En fin, durante los cinco días que duró el evento, según
cuenta Kott, los académicos discutieron sobre Shakespeare de manera intensa,
apasionada y simultánea, “desde el análisis textual tradicional hasta las
últimas novedades hermenéuticas, el Shakespeare existencialista y el
Shakespeare marxista, el Shakespeare que era progresista y que no era
progresista”.
Finalmente, el día de la clausura, llegó el momento estelar:
la conferencia de Jorge Luis Borges. El anciano escritor ciego subió con paso
vacilante al estrado, guiado por dos acompañantes que lo situaron frente al
micrófono.
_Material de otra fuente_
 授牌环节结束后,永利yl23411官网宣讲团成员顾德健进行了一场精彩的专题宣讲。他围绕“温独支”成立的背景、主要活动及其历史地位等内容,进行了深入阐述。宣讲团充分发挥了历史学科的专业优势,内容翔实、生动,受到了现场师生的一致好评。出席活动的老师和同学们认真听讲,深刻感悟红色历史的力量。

De manera espontánea todos los asistentes, que colmaban por entero
el salón, se pusieron de pie y lo ovacionaron durante largos minutos.
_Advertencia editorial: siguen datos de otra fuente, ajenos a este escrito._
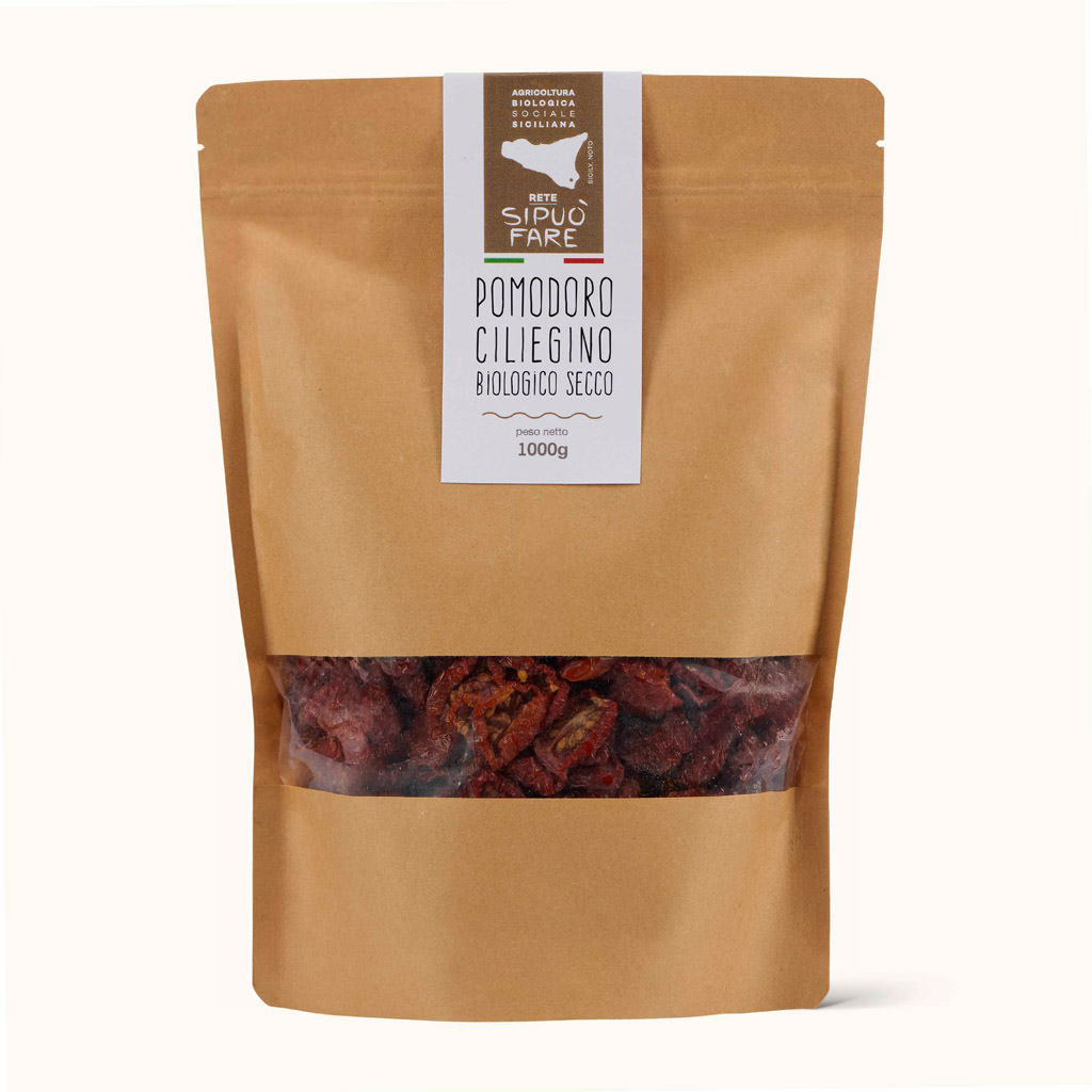 Dal cuore della Sicilia, questi pomodori ciliegino secchi biologici vengono raccolti a mano e cosparsi di sale grosso per favorire una naturale perdita di liquidi. Successivamente, vengono essiccati e confezionati sottovuoto per preservarne gusto, morbidezza e qualità. Prodotto artigianalmente da Si Può Fare Società Agricola Cooperativa Sociale Onlus, è frutto di una filiera sostenibile che valorizza il territorio e utilizza solo ingredienti semplici e naturali, senza conservanti.

Famosamente tartamudo y de voz queda, Borges comenzó su
conferencia pero solo se escuchaba un vago murmullo en los altavoces, Y dice
Kott: “De esa monótona vibración uno solo podía distinguir con grandes trabajos
una sola palabra que iba y regresaba como el reiterado lamento de un barco
lejano hundiéndose en el mar: Shakespeare, Shakespeare, Shakespeare... solo esa
palabra una y otra vez”.
El micrófono estaba muy arriba, y pese a que Borges habló
más de una hora, nadie subió a corregirlo: “Nadie se levantó ni salió de esa
sala en el transcurso de esa hora en que solo se escuchaba esa palabra:
Shakespeare, Shakespeare, Shakespeare...”. Cuando Borges terminó, todos
volvieron a ponerse de pie y la ovación se prolongó emotivamente.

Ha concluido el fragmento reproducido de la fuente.